- Various proposed borders between the Ukrainian and Belarusian languages in southwestern Belarus/northwestern Ukraine
- Capital: Brest
- Today part of: Belarus; Poland; Ukraine;

= Beresteishchyna =

Ukrainian cultural and ethnic region in Belarus and Poland

Beresteishchyna (Берестейщина; Берасцейшчына, Łacinka: Bieraściejščyna) is a region in Western Polesie, in what is primarily the modern Brest Region of Belarus, located along the Bug river. Closely connected with nearby Volhynia, the area is known as the historical centre of Ukrainian minority in Belarus.

== Name ==
Other names for Beresteishchyna include Brest Land, Brest Volost, Berestiyshchyna, Brestshchyna, Brest Krai, and Polissia.

== History ==

=== Grand Duchy of Lithuania and Polish–Lithuanian Commonwealth ===
During the time of the Union of Lublin, representatives from Beresteishchyna and Volhynia spoke in favour of unification with the Crown of the Kingdom of Poland, alongside other Ukrainian lands.

Later, the Ukrainians of Beresteishchyna became involved in Cossack uprisings. During the Khmelnytsky Uprising, there was a pro-Khmelnytsky uprising in Brest, which lasted for over three months, from September 1648 to January 1649, before being crushed by the forces of Janusz Radziwiłł. Another uprising occurred in 1649, leading to the deaths of approximately 2,000 of the city's residents.
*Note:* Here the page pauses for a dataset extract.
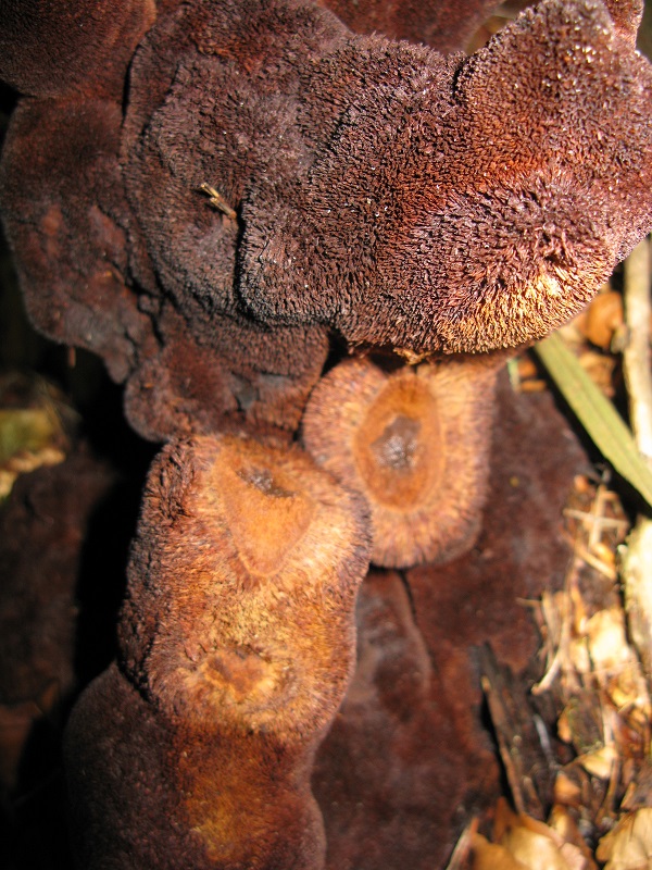 dieses bräunliche Dingsda habe ich neulich neben einem morschen Baumstubben entdeckt. Der Kern besteht ebenfalls aus morschem Holz.

Other, more minor uprisings took place in Turov, Ivanava, and Kobryn.

=== Russian Empire ===

Fragment of a 1875 map by Aleksandr Rittikh showing the northwestern ethnic border of Ukrainians

Following the partitions of Poland, Beresteishchyna became part of the Russian Empire. In the 1860s, Ukrainian ethnographer Pavlo Chubynsky made two visits to the region. Twenty years later, Ukrainian theatre began to organise in the region. By the turn of the century, an estimated 800,000 to 1 million Ukrainians lived in the region. In 1914, the State Duma passed a law including southern parts of Beresteishchyna into the Kholm Governorate, part of the Southwestern Krai.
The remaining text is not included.